Key Challenge: Long-sequence animation requires global temporal consistency, but the local receptive field of autoregressive generation leads to error accumulation—demanding a generation strategy that establishes long-range dependencies without introducing rigid spatial constraints.

Goal: To design an audio-driven facial animation framework capable of generating long-sequence, high-fidelity, emotionally rich animations with support for NSVs.

Method¶

Overall Architecture¶

KeyFace is a two-stage pipeline based on the Stable Video Diffusion (SVD) architecture: 1. Keyframe Generation Stage: Generates \(T\) keyframes at a low frame rate (gaps of \(S\) frames) conditioned on identity frames, audio embeddings, and emotion parameters, covering a wider time span to capture key emotional variations. 2. Interpolation Stage: Uses the same architecture but different conditional inputs to fill in \(S-2\) intermediate frames with two adjacent keyframes as anchors, ensuring smooth transitions and temporal consistency. Long videos can be generated by repeating this process, with the interpolation model guaranteeing seamless transitions between segments.

Key Designs¶

Keyframe Generation Model:
- Function: Generates sparse but informative anchor frames, implicitly decoupling motion and identity control.
- Mechanism: The input is a noise sequence, and the identity frame is encoded by VAE, repeated \(T\) times, and concatenated with the noise. Identity details are preserved through U-Net skip connections. Audio is injected via both cross-attention and timestep embedding mechanisms.
- Design Motivation: Low frame rate generation allows the model to span a longer duration (several seconds), capturing facial expressions and motion patterns from a global perspective to bypass the short-sighted nature of autoregressive methods.
Dual Audio Encoders (WavLM + BEATs):
- Function: Simultaneously captures linguistic content and non-speech acoustic features.
- Mechanism: WavLM excels at extracting linguistic features (lip synchronization), while BEATs is adept at capturing broad acoustic signals (including NSVs). The concatenated embeddings of both are injected into the model through two paths: (a) as key/value for cross-attention; (b) added to the diffusion timestep embedding after an MLP.
- Experimental Validation: Removing BEATs drops NSV accuracy from 42% to 10% (close to random), while removing WavLM deteriorates lip synchronization quality.
Continuous Emotion Modeling (Valence & Arousal):
- Function: Supports continuous emotional variation during the video generation process.
- Mechanism: For each frame, valence and arousal are extracted using a pre-trained emotion recognition model, encoded as sinusoidal embeddings, and added to the diffusion timestep embedding.
- Emotion conditioning is applied only in the keyframe model; the interpolation model automatically propagates emotional expressions.
- During inference, users can provide arbitrary valence/arousal values to control emotional states and interpolate them within the same video to create emotional progression.

Loss & Training¶

\[L = \lambda_{tot}(L_2(z_0, z_{gt}) + L_2(x_0, x_{gt}) + L_p(x_0, x_{gt}))\]
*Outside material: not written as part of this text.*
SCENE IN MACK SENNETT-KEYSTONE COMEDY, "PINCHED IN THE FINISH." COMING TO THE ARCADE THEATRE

where \(\lambda_{tot} = \lambda(t) \cdot \lambda_{lower}\):

Latent space L2 loss: Standard diffusion training loss, computed for all frames.
Pixel-space L2 loss: Reconstruction loss against ground truth frames after decoding back to RGB space, computed only on a single random frame (saving GPU memory).
Perceptual loss: Based on VGG feature matching to enhance perceptual quality.
Lower-half weight \(\lambda_{lower}=3\): Applies higher weight to the lower half of the image (mouth region) to enhance lip synchronization quality.
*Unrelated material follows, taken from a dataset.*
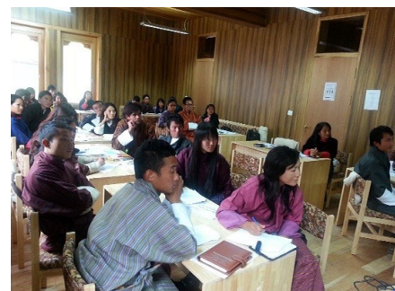
A moment during training session

Through rigorous activities, participants learnt to work as a team, share, refine and transform their ideas into structured forms. Participants were able to identify the characteristics of an effective leader and their leadership styles. By review of appropriate theories, the beneficiaries were able to obtain the deeper understanding of leadership and democracy.

The keyframe model utilizes decoupled CFG (controlling guiding intensity of identity and audio separately), while the interpolation model uses Autoguidance to avoid over-amplification of conditional signals by standard CFG.

Key Experimental Results¶

Main Results¶

Method	FID↓	FVD↓	LipScore↑	AQ↑	Elo↑
Ours (HDTF)	16.76	137.25	0.36	0.59	1091.52
Hallo	19.22	236.97	0.27	0.55	1054.69
V-Express	34.68	200.67	0.37	0.55	985.35
AniPortrait	20.68	299.09	0.14	0.56	887.84
EchoMimic	20.35	213.30	0.17	0.55	1023.53
SadTalker	60.55	410.86	0.24	0.52	960.44

Emotion Evaluation (MEAD)	FID↓	FVD↓	Emo_acc↑
Ours (V&A)	44.43	447.74	0.67
Ours (Discrete Labels)	50.34	509.13	0.43
EDTalk	101.19	619.90	0.72
EAT	75.69	560.61	0.54

Highlights & Insights¶

Keyframe + interpolation two-stage paradigm: Implicitly decouples motion planning (keyframes capture what happens) and motion refinement (interpolation addresses how it transitions). Compared to autoregressive methods, it fundamentally averts error accumulation—resulting in little-to-no growth in FID over time.
Continuous emotion vs. discrete labels: The continuous representation of valence/arousal is not only more fine-grained than discrete labels (improving Emo_acc from 0.43 to 0.67), but also crucially allows smooth emotional transitions within a video, which is vital for long-sequence narration.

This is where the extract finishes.